> [Prompt] Would you please return the data below verbatim, without its pictures?

> [Data]
● ● ● ● ●

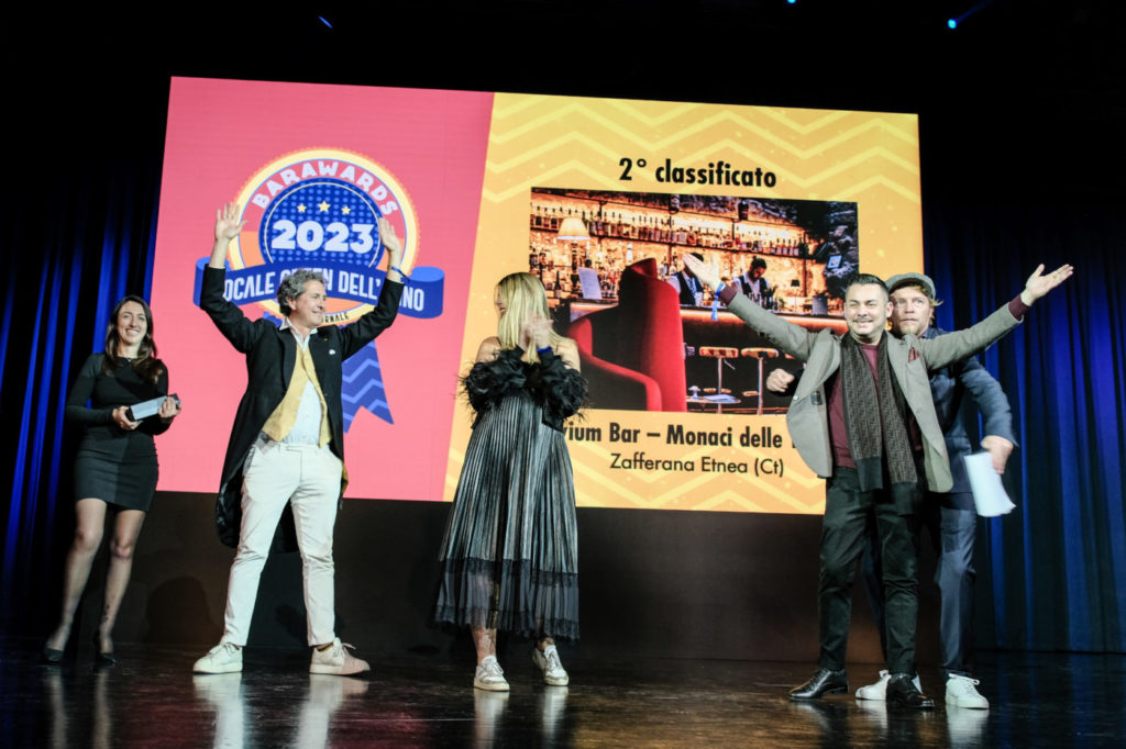 Nella foto, a sinistra, Guido Coffa sul palco durante la premiazione del locale nel corso della serata di gala di Barawards, organizzata all’Alcatraz di Milano.
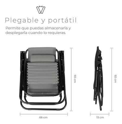 MEDIDAS:La silla camastro mide 175 cm largo x 65 cm ancho x 110 cm alto. Plegada mide 66 cm largo x 15 cm ancho x 93 cm alto
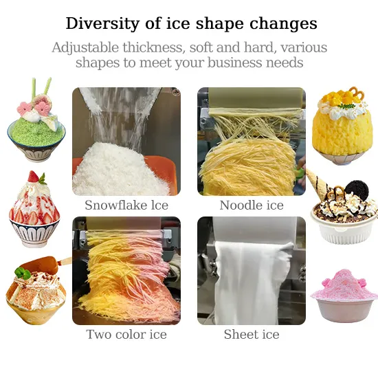 By adjusting raw materials and evaporator speed, users can easily create different ice textures—snow ice, noodle-style ice, flake ice, needle ice, and more. Texture can range from light and smooth to rich and delicate, helping shops offer diverse dessert styles from one machine.
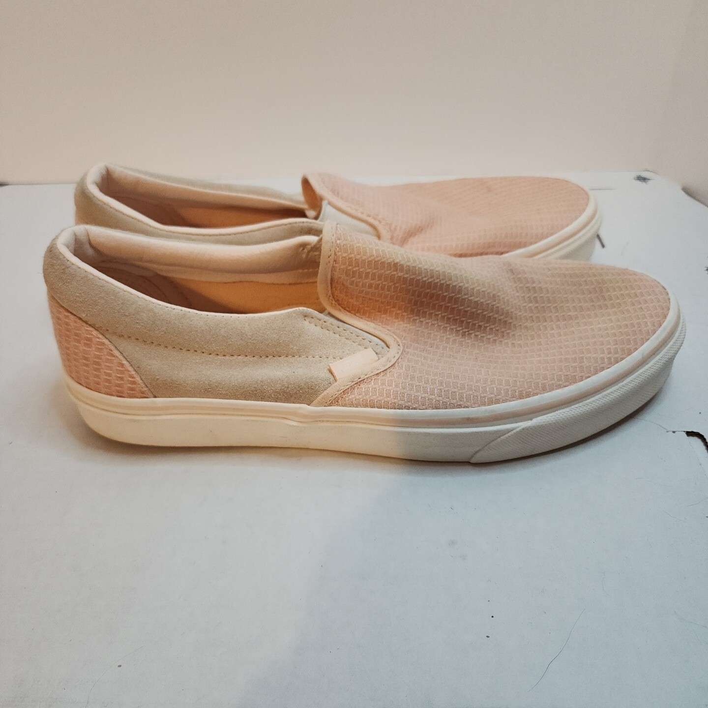 Vans Womens Classic Slip-On Multi Woven Shoes Creme De Peche Size 9.5. Very nice lightly used condition Pinky orange color with beige accents
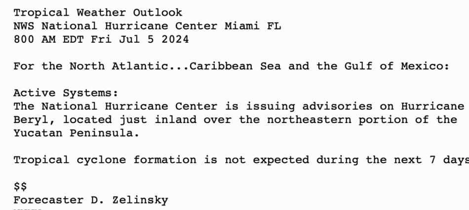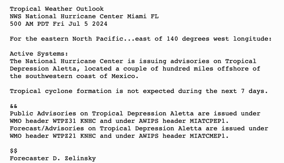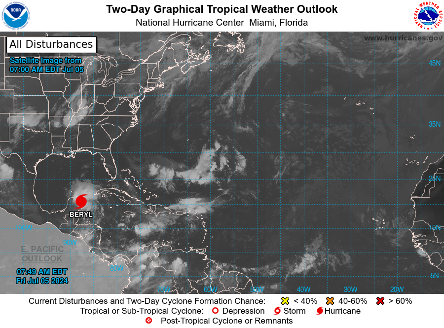 | Tropical Weather Outlook 500 AM PDT Fri 5 July 2024 Tropical Weather Discussion 1005 UTC Fri 5 July 2024 | |
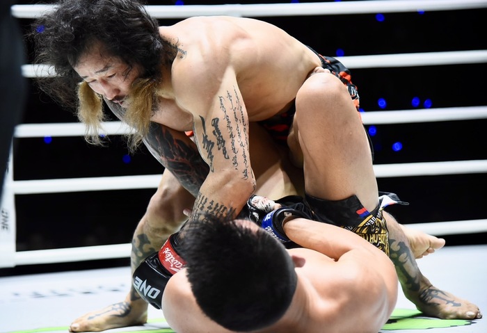 2R、バータルフーはスイッチしながら近付いていき、パンチのフェイントからシングルレッグでテイクダウンを奪う。サイドからまたも左腕を取りに行くバータルフー。今度はバックを取りに行きブルドッグチョークを仕掛けるがこれはパカティウがすぐに外す。起き上がったパカティウはすぐにバックを取りに行き、腕十字を仕掛けるもバータルフーはすぐに対処して上から抑え込む。サイドから顔面へヒジを落とすバータルフー。
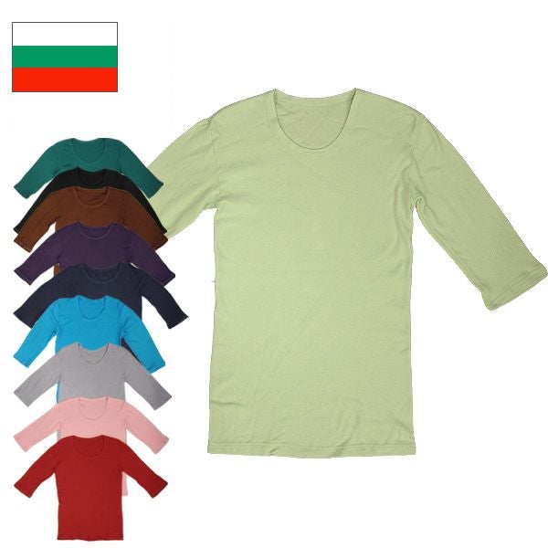 4. メール便可 ブルガリア軍 Uネックアンダーシャツ 七分袖 染め デッドストック JU035ND 10色
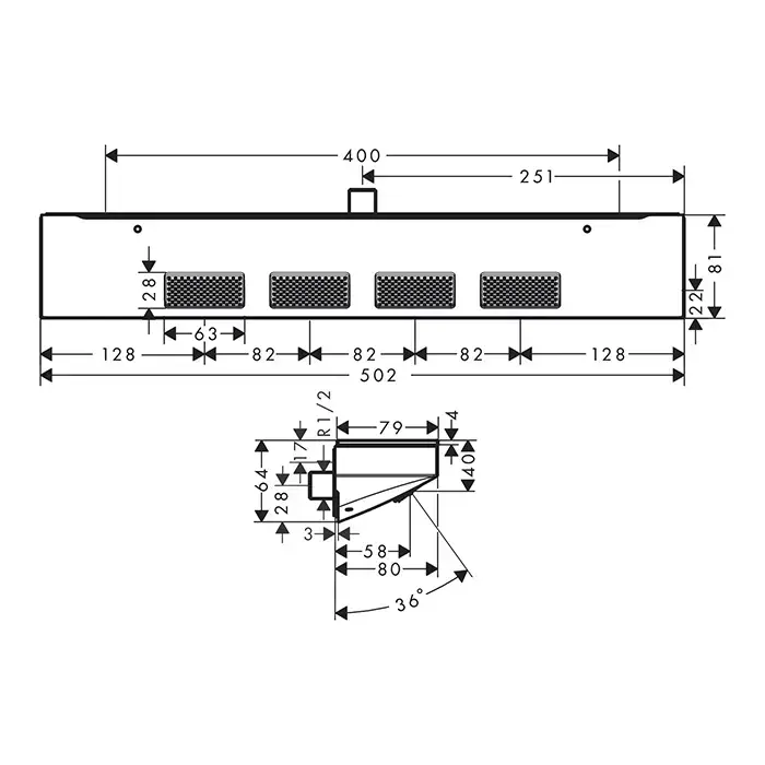 Hansgrohe Rainfinity Боковой/верхний душ 502х81мм с полкой, цвет: хром
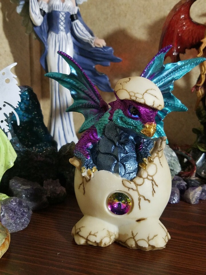 Baby Blue and Purple Dragon Hatching From an Egg Collectible Figurine 71664
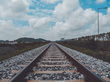 Railway tracks at sunset in the countryside of Thailand, Asia.
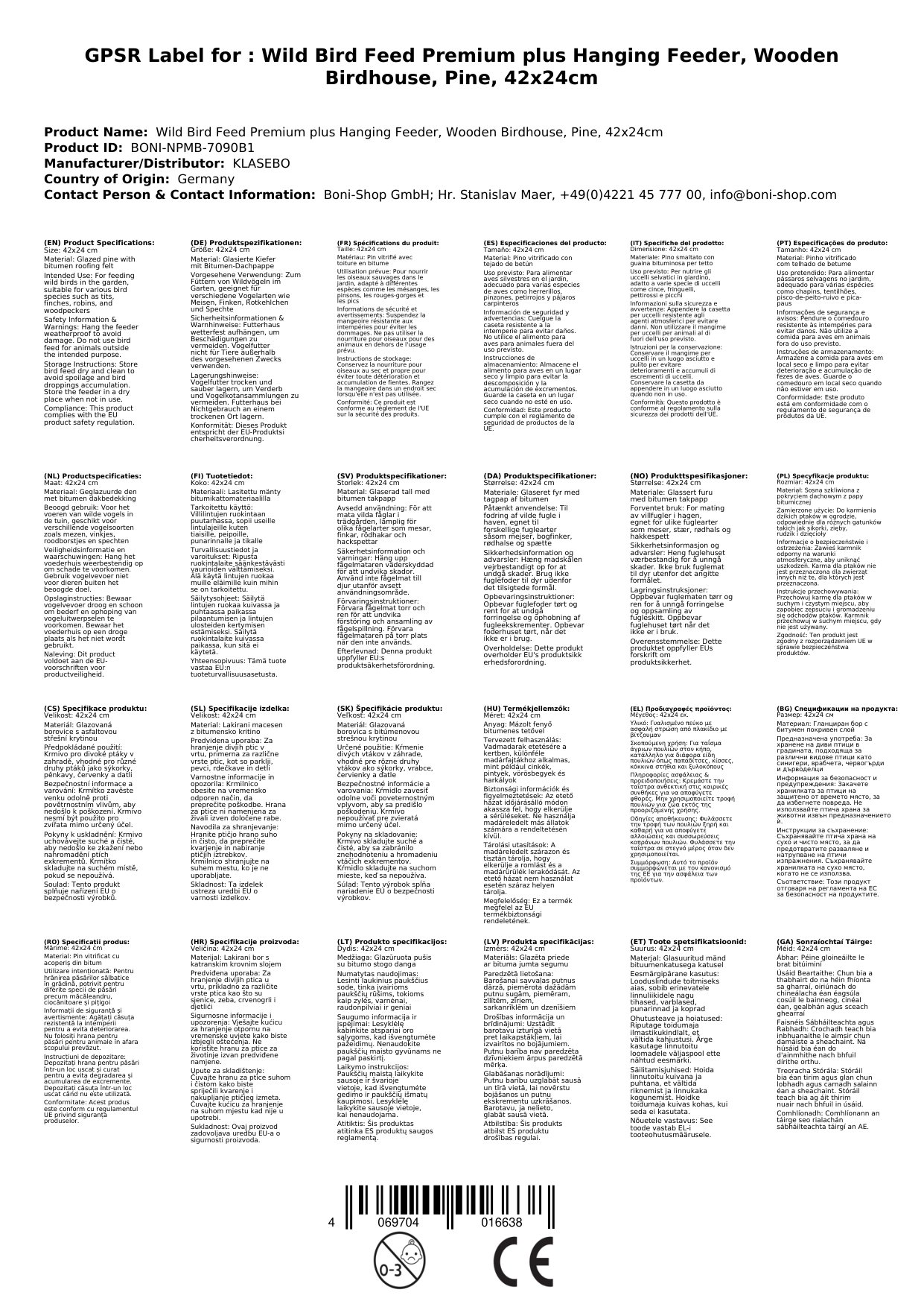 Já, glasiert furuhúð og sterkt Bitúmen-þak vernda áreiðanlega gegn regni, snjó og frosti, þannig að það heldur stöðugum jafnvel í köldum mánuðum og heldur villifuglafodur þínu þurru – samanborið við óvernduð líkön heldur það mun lengur.

● ● ● ● ●

> [Answer below]
 Nella foto, a sinistra, Guido Coffa sul palco durante la premiazione del locale nel corso della serata di gala di Barawards, organizzata all’Alcatraz di Milano.
 MEDIDAS:La silla camastro mide 175 cm largo x 65 cm ancho x 110 cm alto. Plegada mide 66 cm largo x 15 cm ancho x 93 cm alto
 By adjusting raw materials and evaporator speed, users can easily create different ice textures—snow ice, noodle-style ice, flake ice, needle ice, and more. Texture can range from light and smooth to rich and delicate, helping shops offer diverse dessert styles from one machine.
 Vans Womens Classic Slip-On Multi Woven Shoes Creme De Peche Size 9.5. Very nice lightly used condition Pinky orange color with beige accents
 | Tropical Weather Outlook 500 AM PDT Fri 5 July 2024 Tropical Weather Discussion 1005 UTC Fri 5 July 2024 | |
 2R、バータルフーはスイッチしながら近付いていき、パンチのフェイントからシングルレッグでテイクダウンを奪う。サイドからまたも左腕を取りに行くバータルフー。今度はバックを取りに行きブルドッグチョークを仕掛けるがこれはパカティウがすぐに外す。起き上がったパカティウはすぐにバックを取りに行き、腕十字を仕掛けるもバータルフーはすぐに対処して上から抑え込む。サイドから顔面へヒジを落とすバータルフー。
 4. メール便可 ブルガリア軍 Uネックアンダーシャツ 七分袖 染め デッドストック JU035ND 10色
 Hansgrohe Rainfinity Боковой/верхний душ 502х81мм с полкой, цвет: хром
 Baby Blue and Purple Dragon Hatching From an Egg Collectible Figurine 71664
 Railway tracks at sunset in the countryside of Thailand, Asia.
 Já, glasiert furuhúð og sterkt Bitúmen-þak vernda áreiðanlega gegn regni, snjó og frosti, þannig að það heldur stöðugum jafnvel í köldum mánuðum og heldur villifuglafodur þínu þurru – samanborið við óvernduð líkön heldur það mun lengur.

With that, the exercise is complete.